Similary, obsolete comments are not a failure of comments in general, but a failure of the programmer who updated the code without updating the comments. That other programmers have bad practices does not justify continuing that bad practice.

Obsolete comments are a broken window. If you see them, it is your job to fix them.

So while obsolete comments ARE worse than no comments, that argument is an argument against bad coding practices, not comments in general.

3. You shouldn’t rely on comments

The argument that a programmer shouldn’t rely on comments is a subtle dig at another programmer’s skill. They’re saying “a good programmer can understand this code with no comments.”

There is a grain of a valid point there. If you consider yourself a senior programmer, then you should be accustomed to wading through large volumes of bad code and parsing out the real meaning and functionality.

But even for senior programmers, comments make it easier to read and understand the code. It’s much easier to interpret a one line summary of a block of code than to parse that block line by line. It’s much easier to store that one line in your head than it is to store the whole block in your head.
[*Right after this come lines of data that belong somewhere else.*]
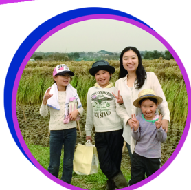
「NPO法人 水のフォーラム」では見沼田んぼ保全活動に従事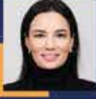
Seda SARIBAŞ Aydın Milletvekili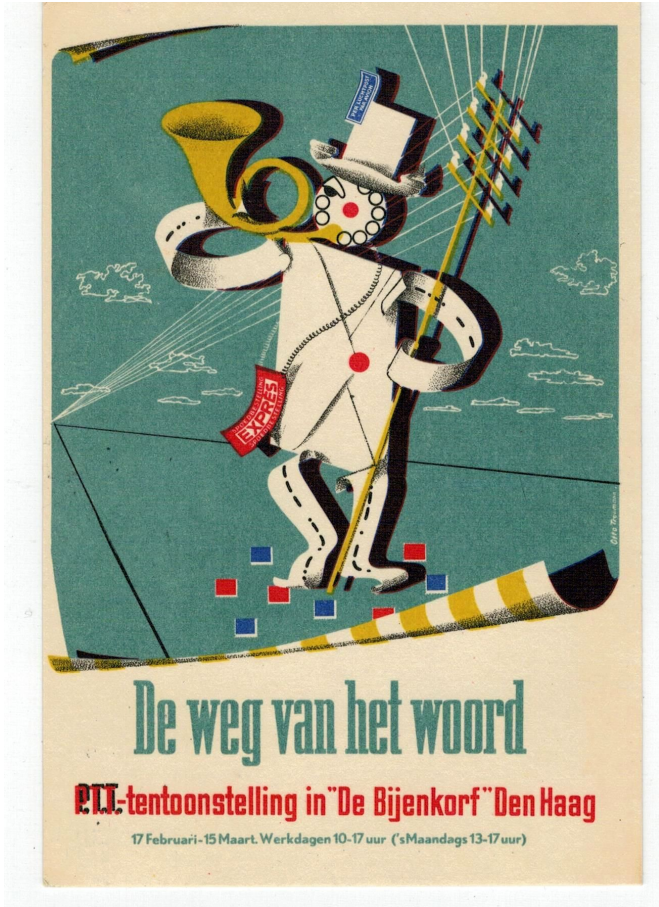
Voorzijde van de kaart

Een van de vele vormen van communicatie die de PTT verzorgde was “De weg van het woord” een propagandatentoonstelling van de PTT. Deze werd gehouden van 17 februari tot 15 maart 1947. Ter gelegenheid van deze tentoonstelling werd door de PTT ook een kaart uitgegeven.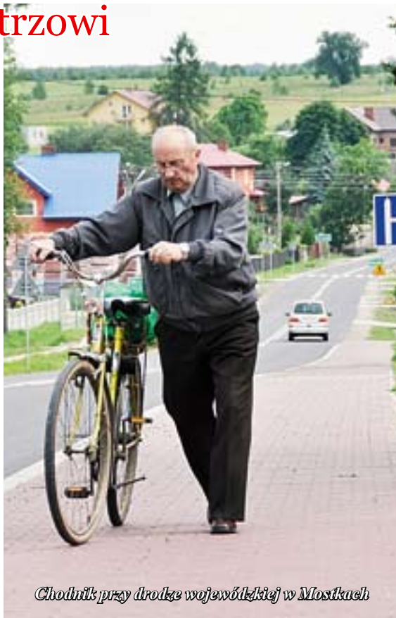
Chodnik przy drodze wojewódzkiej w Mostkach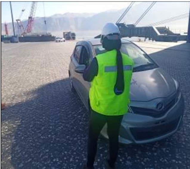
23. Vista de contra entrega de los vehículos al costado de nave.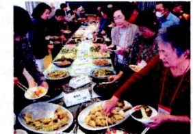
「ほのぼの・食べよう・おしゃべり会」

自慢の手料理（郷土料理）、90名の地域の方が参加し、食べて交流すること、ワーカーズコープ中志津の取り組みを発表しました。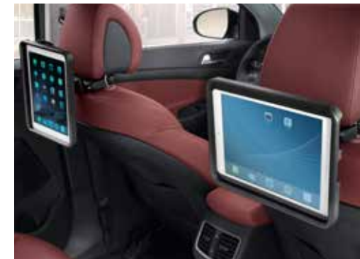
Nosilec za iPad 1, 2, 3, 4 in iPad Air 1 in 2 99582ADE01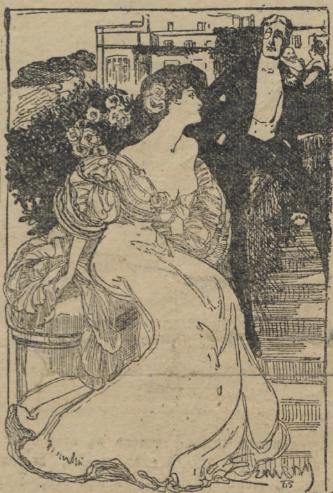
— Терпѣть не могу ученыхъ женщинъ, и если женюсь, то непременно, чтобы моя жена была глупѣе меня! — Да, но найдете ли вы такую?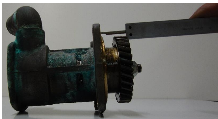
Mesure hauteur pignon / engrenage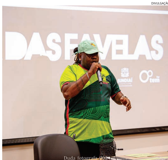
Oito partidas dos times masculinos serão no Dal Santo

A Taça das Favelas feminina só terá partidas nos dias 2 e 3 de maio. Confira a primeira rodada: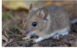
Gewervelde dieren - Vertebrata

Chordadieren hebben, tenminste in het larvale stadium en in de basale groepen, een staart en een notochord of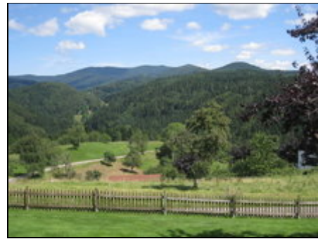
der Blick ins Wiesental

Der Ferienort Sallneck hat 380 Einwohner und liegt in der Region des "Kleinen Wiesentals" im äußersten Südwesten Deutschlands. Dieser Teil des Südschwarzwalds ist eine der schönsten Gegenden unseres Landes. Der Hochschwarzwald geht hier über in die liebliche Berglandschaft von Sallneck mit ihren aussichtsreichen Terrassen, die an klaren Tagen den Blick auf die Alpen und den Schweizer Jura bieten.

The real reason why this is the worst of excuses is that not all programmers working on your code are senior programmers. Some are green graduates straight out of college. Yes, a more experienced programmer could understand the code without comments, but it will cost that graduate hours to figure out what they could have gotten in minutes with good comments.

My Commenting Principle

Comment your code so that a green programmer can understand it.

Or…

Comment your code so that your boss can understand it.

What does it take to make your code readable by a green graduate? Imagine them going through it line by line. If there are no comments, then they need to understand every function call, and every library routine. They need to understand a bit about your architecture and date model.

Now imagine that every single line is commented.

In that scenario, a green programmer can read your file by reading one comment after the next. If they need more information, they can still drill into the code and get the details, but they can understand the overview just through comments.

The closer you can get to that, the better.

Don’t listen to the arguments against thorough commenting habits. Just point the detractors here.